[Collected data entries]
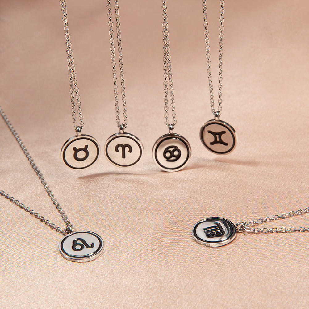 Exquisite : zodiac sign necklace for unique you. A small and dainty zodiac charm hangs on a stainless steel chain making a simple but elegant statement. A perfect layering piece or minimalist necklace.
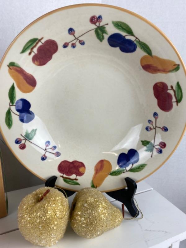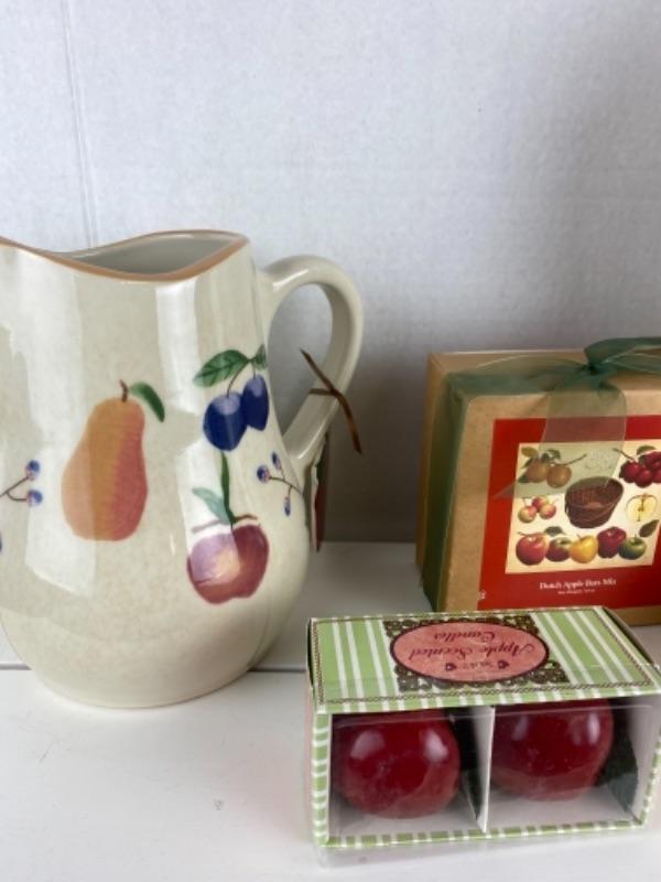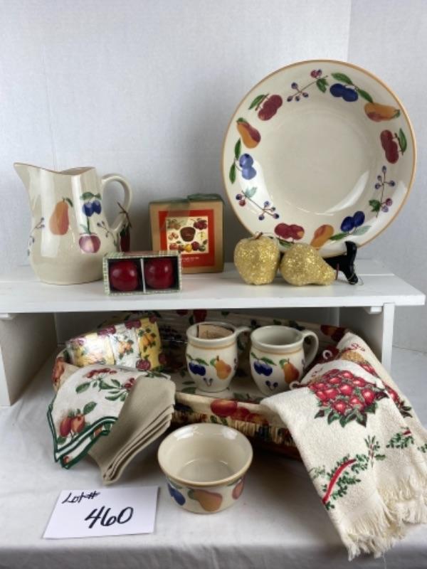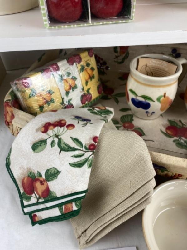 Longaberger Fruit Medley Picture pair of mugs, Pasta Bowl, apple bars mix, apple candles, apple and pear ornaments, large long and burger basket, kitchen towel set and much more
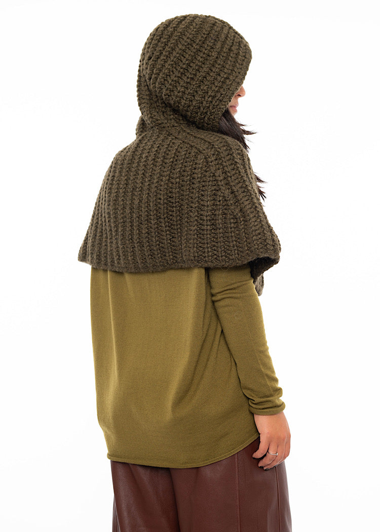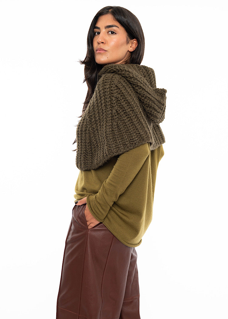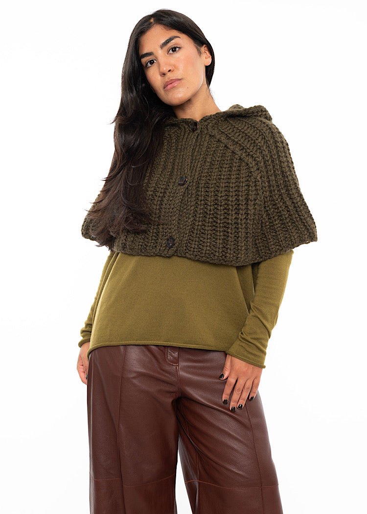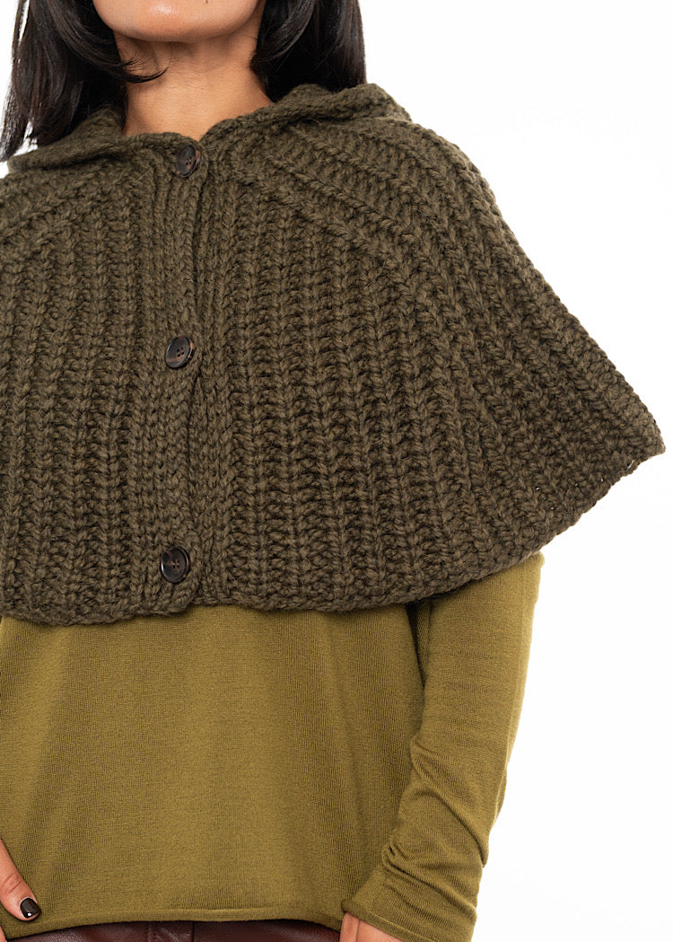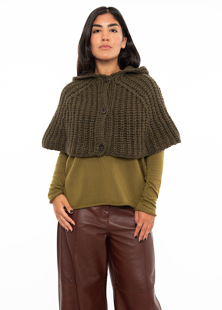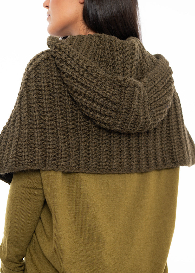 A chunky knit Wool-Alpaca mix snood from ANNETTE GÖRTZ AW25. Featuring a hood and tortoise shell buttons to fasten.
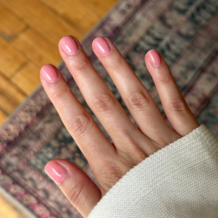 Butyl Acetate, Ethyl Acetate, Nitrocellulose, Adipic Acid/Neopentyl Glycol/Trimellitic Anhydride Copolymer, Acetyl Tributyl Citrate, Isopropyl Alcohol, Stearalkonium Bentonite, Acrylates Copolymer, Styrene/Acrylates Copolymer, Sucrose Acetate Isobutyrate, Silica Dimethyl Silylate, Dipropylene Glycol Dibenzoate, Octocrylene, Polyvinyl Butyral, Di-HEMA Trimethylhexyl Dicarbamate, Citric Acid, Titanium Dioxide (CI 77891), Dimethicone, n-Butyl Alcohol, Red 6 Lake (CI 15850), Trimethylsiloxysilicate, Yellow 5 Lake (CI 19140)
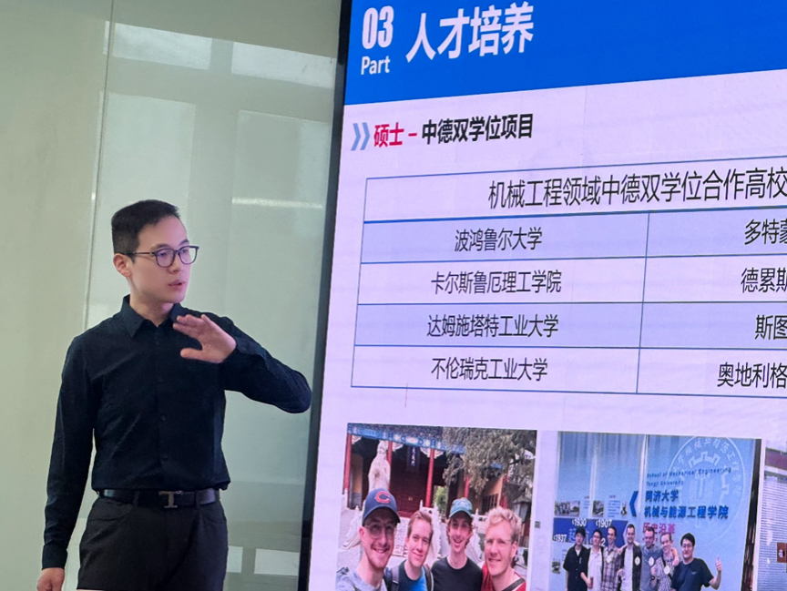 Asso. Prof. Ye Wei introduced CDZM and the Sino-German talent cultivation. Relying the Sino-German platforms of Tongji University, CDZM focuses on intelligent technology and green development of the Sino-German Joint Research Center (Tongji University), and carries out high-quality talent cultivation, so as to implement the Sino-German 2.0 strategy of Tongji University. The delegation was then led by Assi. Prof. Christopher Ehrmann on a tour of the AMTC.
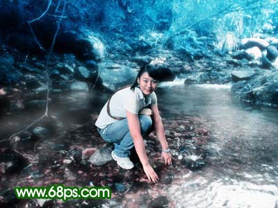 作者合成的非常细腻,很多细节的处理都值得借鉴,如水面倒影的处理部分,作者先制作好水波纹理,然后把倒影部分用置换和动感模糊滤镜特殊处理,
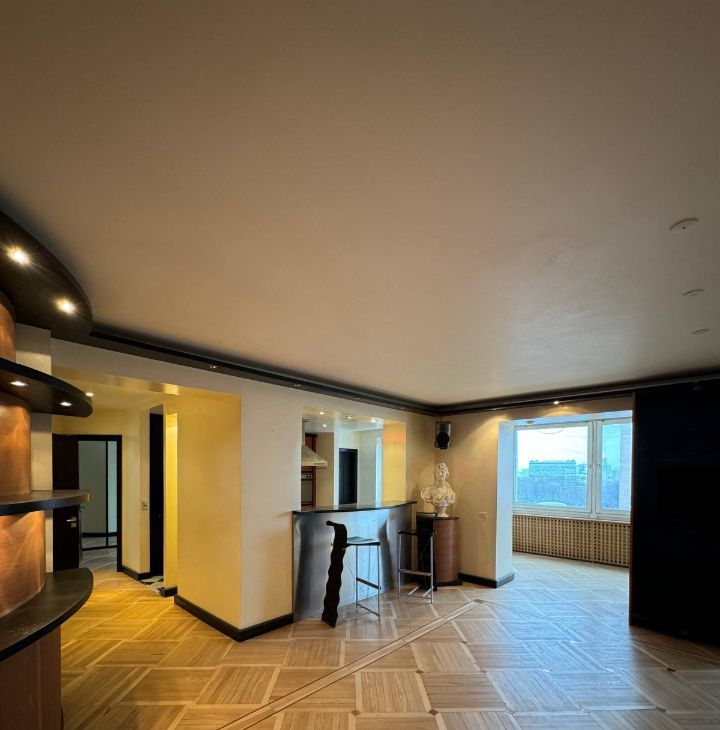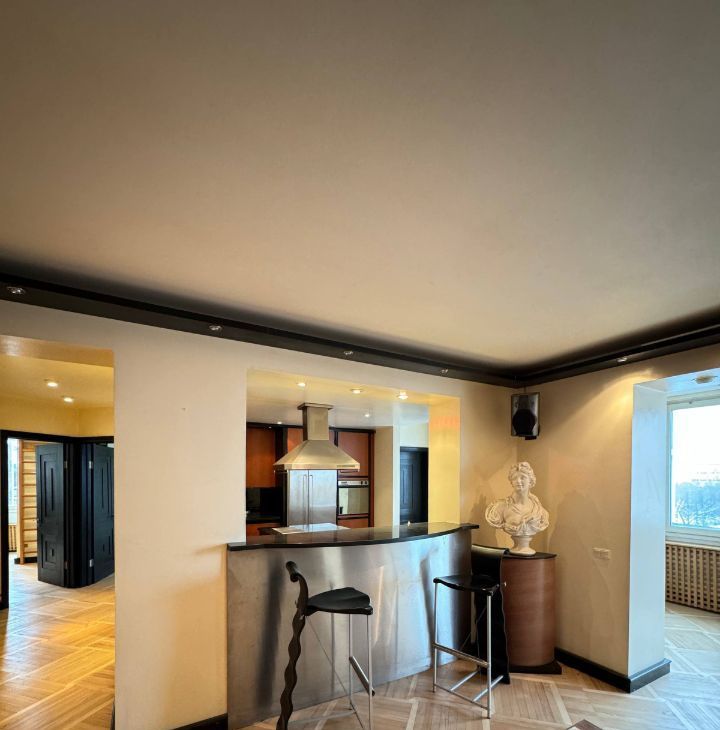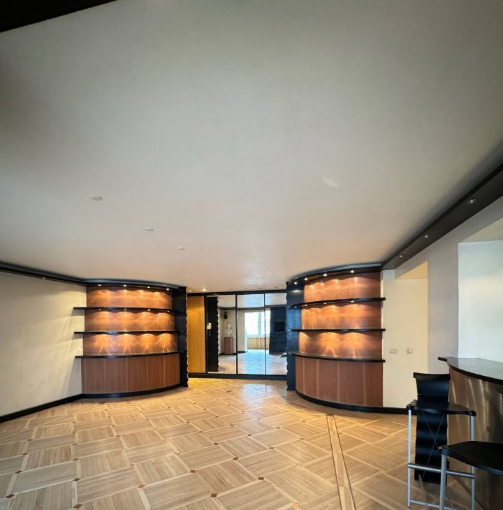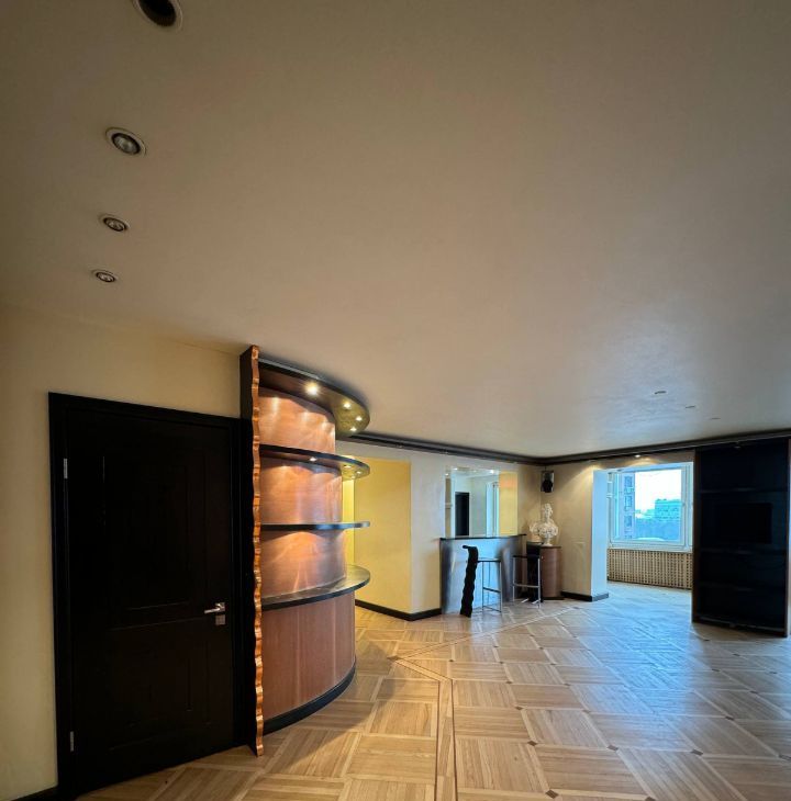 - Просторная гостиная 65 м² с симметричными полукруглыми стенами и эффектной галогенной подсветкой — идеальна для приема гостей и расслабления.
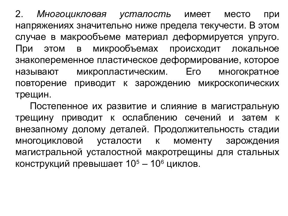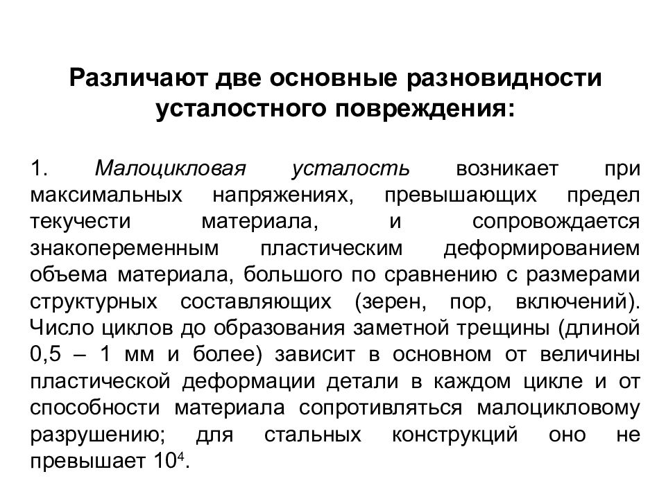 Различают две основные разновидности усталостного повреждения: 1. Малоцикловая усталость возникает при максимальных напряжениях, превышающих предел текучести материала, и сопровождается знакопеременным пластическим деформированием объема материала, большого по сравнению с размерами структурных составляющих (зерен, пор, включений). Число циклов до образования заметной трещины (длиной 0,5 – 1 мм и более) зависит в основном от величины пластической деформации детали в каждом цикле и от способности материала сопротивляться малоцикловому разрушению; для стальных конструкций оно не превышает 10 4.
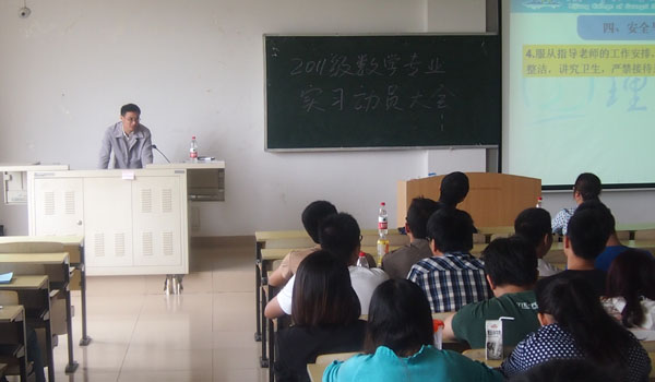 10月27日上午十点,理学系2011级数学与应用数学专业教育实习动员大会在1314教室举行,出席本次会议的有教研室负责人、实习指导老师以及2011级数学与应用数学专业全体学生。
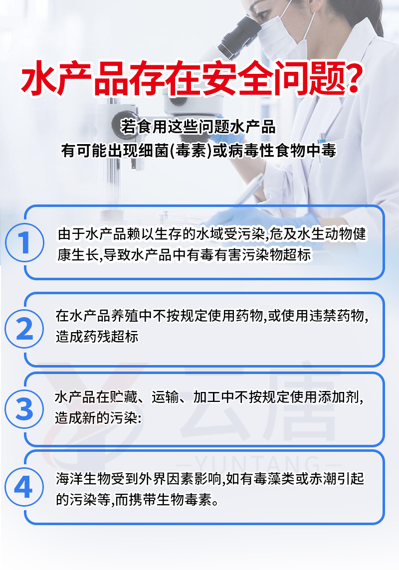 孔雀石綠、呋喃唑酮(AOZ)、呋喃它酮( AMOZ )、呋喃妥因(AHD)、呋喃西林(SEM)、氯霉素、磺胺類、喹諾酮類、四環素、金霉素、土霉素、恩諾沙星作為一種**廣譜抗生素,常用于動物各種傳染性疾病的治療,對多種病原菌有較強的抑制作用,曾在水產和畜禽養殖業中得到廣泛應用,同時也帶來了水產品和畜禽中氯霉素殘留的嚴重問題。氯霉素存在嚴重的毒副作用,能抑制人體骨髓造血功能,引起人類的再生障礙性貧血,粒狀自細胞缺乏癥,新生兒、早產兒灰色綜合癥等疾病,低濃度的藥物殘留還會誘發致病菌的耐藥性,因此動物食品中的氯霉素殘留對人類的健康構成了巨大威脅。本產品利用免疫層析技術原理來定性檢測魚、蝦、雞、豬、牛等樣品中氯霉素的殘留,具有操作簡單、檢測時間短、可通過肉眼直接判讀結果的特點,適用于各類企業、檢測機構的現場快速檢測。
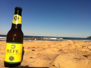 Before this blog was started, I would pretty much try anything in a bottleshop fridge or from a tap rack, but if it was a choice between a hefeweizen and something else – I’d have gone the something else. That’s changed now, and on a hot day – I’d go for a hefeweizen more times than not. Whether it’s the effervescence, the cloudiness, the wild aromas or the wheaty flavour, I’m not sure – but I’m a convert. Sydney turned on a rare hot Friday and I was able to duck down to the beach for a quick dip. I took a bottle of Bootleg Brewery Hefe for the post dip libation. Bootleg Brewery is a self-proclaimed “Oasis of a beer in a desert of wine” in WA’s Margaret River region. They’ve been going since 1994 and have a solid line-up of beers including one called “Raging Bull” that is well named. Hefe is a good example of a hefeweizen. It is not as agressive as some, and the aromas aren’t as pronounced – but it is a great thirst quencher. All the more reason to get to the West soon.

- **What is required**: Down to the last line, set down the data above exactly, and omit all images.

- **Exercise solution**:
 Exquisite : zodiac sign necklace for unique you. A small and dainty zodiac charm hangs on a stainless steel chain making a simple but elegant statement. A perfect layering piece or minimalist necklace.
 Longaberger Fruit Medley Picture pair of mugs, Pasta Bowl, apple bars mix, apple candles, apple and pear ornaments, large long and burger basket, kitchen towel set and much more
 A chunky knit Wool-Alpaca mix snood from ANNETTE GÖRTZ AW25. Featuring a hood and tortoise shell buttons to fasten.
 Butyl Acetate, Ethyl Acetate, Nitrocellulose, Adipic Acid/Neopentyl Glycol/Trimellitic Anhydride Copolymer, Acetyl Tributyl Citrate, Isopropyl Alcohol, Stearalkonium Bentonite, Acrylates Copolymer, Styrene/Acrylates Copolymer, Sucrose Acetate Isobutyrate, Silica Dimethyl Silylate, Dipropylene Glycol Dibenzoate, Octocrylene, Polyvinyl Butyral, Di-HEMA Trimethylhexyl Dicarbamate, Citric Acid, Titanium Dioxide (CI 77891), Dimethicone, n-Butyl Alcohol, Red 6 Lake (CI 15850), Trimethylsiloxysilicate, Yellow 5 Lake (CI 19140)
 Asso. Prof. Ye Wei introduced CDZM and the Sino-German talent cultivation. Relying the Sino-German platforms of Tongji University, CDZM focuses on intelligent technology and green development of the Sino-German Joint Research Center (Tongji University), and carries out high-quality talent cultivation, so as to implement the Sino-German 2.0 strategy of Tongji University. The delegation was then led by Assi. Prof. Christopher Ehrmann on a tour of the AMTC.
 作者合成的非常细腻,很多细节的处理都值得借鉴,如水面倒影的处理部分,作者先制作好水波纹理,然后把倒影部分用置换和动感模糊滤镜特殊处理,
 - Просторная гостиная 65 м² с симметричными полукруглыми стенами и эффектной галогенной подсветкой — идеальна для приема гостей и расслабления.
 Различают две основные разновидности усталостного повреждения: 1. Малоцикловая усталость возникает при максимальных напряжениях, превышающих предел текучести материала, и сопровождается знакопеременным пластическим деформированием объема материала, большого по сравнению с размерами структурных составляющих (зерен, пор, включений). Число циклов до образования заметной трещины (длиной 0,5 – 1 мм и более) зависит в основном от величины пластической деформации детали в каждом цикле и от способности материала сопротивляться малоцикловому разрушению; для стальных конструкций оно не превышает 10 4.
 10月27日上午十点,理学系2011级数学与应用数学专业教育实习动员大会在1314教室举行,出席本次会议的有教研室负责人、实习指导老师以及2011级数学与应用数学专业全体学生。
 孔雀石綠、呋喃唑酮(AOZ)、呋喃它酮( AMOZ )、呋喃妥因(AHD)、呋喃西林(SEM)、氯霉素、磺胺類、喹諾酮類、四環素、金霉素、土霉素、恩諾沙星作為一種**廣譜抗生素,常用于動物各種傳染性疾病的治療,對多種病原菌有較強的抑制作用,曾在水產和畜禽養殖業中得到廣泛應用,同時也帶來了水產品和畜禽中氯霉素殘留的嚴重問題。氯霉素存在嚴重的毒副作用,能抑制人體骨髓造血功能,引起人類的再生障礙性貧血,粒狀自細胞缺乏癥,新生兒、早產兒灰色綜合癥等疾病,低濃度的藥物殘留還會誘發致病菌的耐藥性,因此動物食品中的氯霉素殘留對人類的健康構成了巨大威脅。本產品利用免疫層析技術原理來定性檢測魚、蝦、雞、豬、牛等樣品中氯霉素的殘留,具有操作簡單、檢測時間短、可通過肉眼直接判讀結果的特點,適用于各類企業、檢測機構的現場快速檢測。
 Before this blog was started, I would pretty much try anything in a bottleshop fridge or from a tap rack, but if it was a choice between a hefeweizen and something else – I’d have gone the something else. That’s changed now, and on a hot day – I’d go for a hefeweizen more times than not. Whether it’s the effervescence, the cloudiness, the wild aromas or the wheaty flavour, I’m not sure – but I’m a convert. Sydney turned on a rare hot Friday and I was able to duck down to the beach for a quick dip. I took a bottle of Bootleg Brewery Hefe for the post dip libation. Bootleg Brewery is a self-proclaimed “Oasis of a beer in a desert of wine” in WA’s Margaret River region. They’ve been going since 1994 and have a solid line-up of beers including one called “Raging Bull” that is well named. Hefe is a good example of a hefeweizen. It is not as agressive as some, and the aromas aren’t as pronounced – but it is a great thirst quencher. All the more reason to get to the West soon.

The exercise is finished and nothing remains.